You can display the name of a variable by using the preprocessor. For instance

#include <iostream>
#define quote(x) #x
class one {};
int main(){
one A;
std::cout<<typeid(A).name()<<"\t"<< quote(A) <<"\n";
return 0;
}

outputs

3one    A

on my machine. The # changes a token into a string, after preprocessing the line is

std::cout<<typeid(A).name()<<"\t"<< "A" <<"\n";

Of course if you do something like

void foo(one B){
std::cout<<typeid(B).name()<<"\t"<< quote(B) <<"\n";
}
int main(){
one A;
foo(A);
return 0;
}

you will get

3one B

as the compiler doesn't keep track of all of the variable's names.

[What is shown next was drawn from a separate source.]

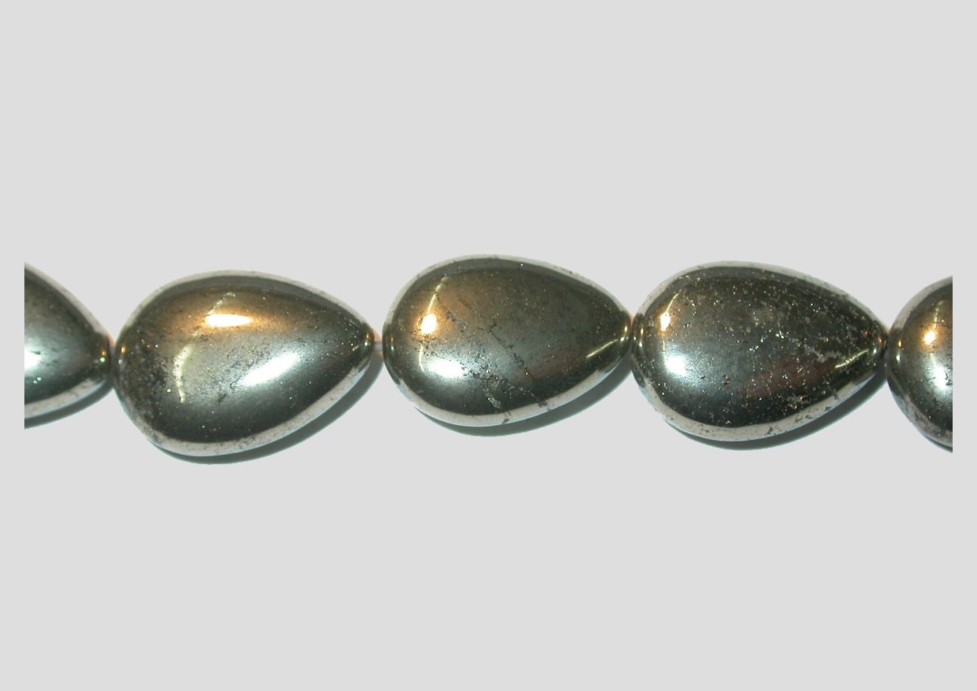 Pyrite – Flat Drop – 18 x 13mm – 19cm Strand. Please contact us to purchase individual pieces.
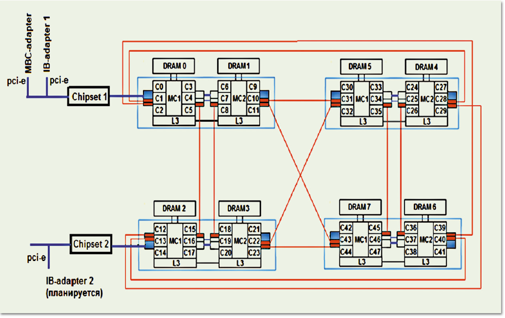 На плате узла ПТК размещаются четыре сокета с процессором MagnyCours в каждом, а внутри сокетов можно выделить чип-сокеты: чип-сокет 0 – ядра С0-С5, чип-сокет 1 – ядра С6-С11,... чип-сокет 7 – ядра С42-С47. MC1 и MC2 – двухканальные контроллеры памяти, DRAM0 – DRAM7 – модули памяти, IB-adapter – адаптеры сети Infiniband, MВС-adapter – адаптер сети «МВС-экспресс». Красные линии между сокетами – 8-разрядные линки HyperTransport c пропускной способностью в одну сторону 6,4 Гбайта/с, пропускная способность одного чип-сокета с модулем памяти – 28,8 Гбайт/с, односторонняя пропускная способность интерфейса PCI-экспресс 2.0 – 8 Гбайт/с, односторонняя пропускная способность линка сети Infiniband QDR – 4 Гбайт/с. Чип-сокеты внутри одного сокета соединены 24-разрядным интерфейсом HyperTransport – 19,2 Гбайт/с. Пиковая производительность одного ядра на скалярных операциях – 8,8 GFLOPS, а всего 12-ядерного микропроцессора – 105,6 GFLOPS.

As it happens in gcc the result of typeid().name() is the mangled class name, to get the demangled version use

#include <iostream>
#include <cxxabi.h>
#define quote(x) #x
template <typename foo,typename bar> class one{ };
int main(){
one<int,one<double, int> > A;
int status;
char * demangled = abi::__cxa_demangle(typeid(A).name(),0,0,&status);
std::cout<<demangled<<"\t"<< quote(A) <<"\n";
free(demangled);
return 0;
}

which gives me

one<int, one<double, int> > A

Other compilers may use different naming schemes.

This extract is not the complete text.